§ **Data excerpt**
****************************************
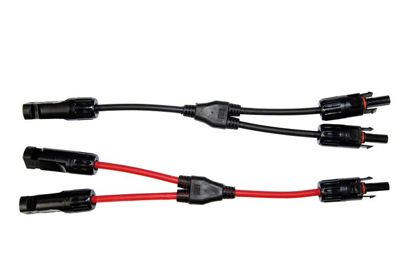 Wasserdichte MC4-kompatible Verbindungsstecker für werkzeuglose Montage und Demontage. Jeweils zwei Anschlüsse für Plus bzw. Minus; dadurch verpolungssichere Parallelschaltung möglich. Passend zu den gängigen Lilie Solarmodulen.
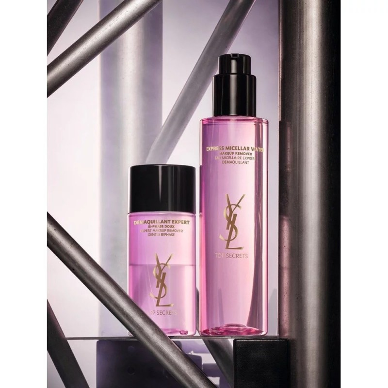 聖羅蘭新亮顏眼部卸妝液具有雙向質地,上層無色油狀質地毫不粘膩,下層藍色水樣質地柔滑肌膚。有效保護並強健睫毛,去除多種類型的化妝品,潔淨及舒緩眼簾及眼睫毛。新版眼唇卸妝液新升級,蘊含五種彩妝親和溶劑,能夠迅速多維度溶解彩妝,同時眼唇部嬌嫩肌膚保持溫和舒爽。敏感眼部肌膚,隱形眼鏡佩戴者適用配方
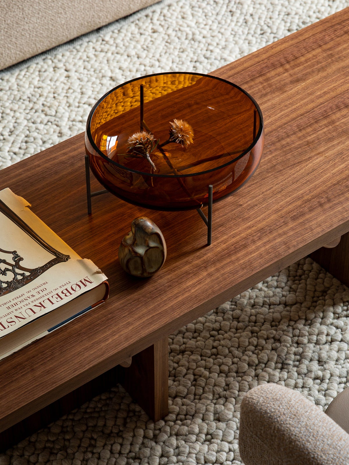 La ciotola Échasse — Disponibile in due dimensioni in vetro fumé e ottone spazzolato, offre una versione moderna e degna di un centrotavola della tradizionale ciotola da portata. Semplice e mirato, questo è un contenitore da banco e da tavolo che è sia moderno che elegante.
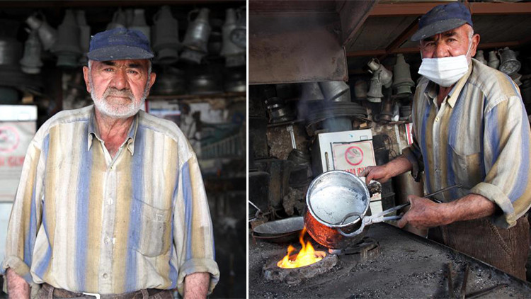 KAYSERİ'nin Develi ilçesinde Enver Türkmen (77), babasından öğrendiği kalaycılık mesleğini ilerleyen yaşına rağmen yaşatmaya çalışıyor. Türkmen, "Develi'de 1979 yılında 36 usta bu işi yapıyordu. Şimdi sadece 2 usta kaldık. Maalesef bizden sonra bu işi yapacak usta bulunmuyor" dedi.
****************************************
§ **Exercise description**
None of the pictures should appear, though every line of the data above must be reproduced exactly.

§ **Exercise response**
 Wasserdichte MC4-kompatible Verbindungsstecker für werkzeuglose Montage und Demontage. Jeweils zwei Anschlüsse für Plus bzw. Minus; dadurch verpolungssichere Parallelschaltung möglich. Passend zu den gängigen Lilie Solarmodulen.
 聖羅蘭新亮顏眼部卸妝液具有雙向質地,上層無色油狀質地毫不粘膩,下層藍色水樣質地柔滑肌膚。有效保護並強健睫毛,去除多種類型的化妝品,潔淨及舒緩眼簾及眼睫毛。新版眼唇卸妝液新升級,蘊含五種彩妝親和溶劑,能夠迅速多維度溶解彩妝,同時眼唇部嬌嫩肌膚保持溫和舒爽。敏感眼部肌膚,隱形眼鏡佩戴者適用配方
 La ciotola Échasse — Disponibile in due dimensioni in vetro fumé e ottone spazzolato, offre una versione moderna e degna di un centrotavola della tradizionale ciotola da portata. Semplice e mirato, questo è un contenitore da banco e da tavolo che è sia moderno che elegante.
 KAYSERİ'nin Develi ilçesinde Enver Türkmen (77), babasından öğrendiği kalaycılık mesleğini ilerleyen yaşına rağmen yaşatmaya çalışıyor. Türkmen, "Develi'de 1979 yılında 36 usta bu işi yapıyordu. Şimdi sadece 2 usta kaldık. Maalesef bizden sonra bu işi yapacak usta bulunmuyor" dedi.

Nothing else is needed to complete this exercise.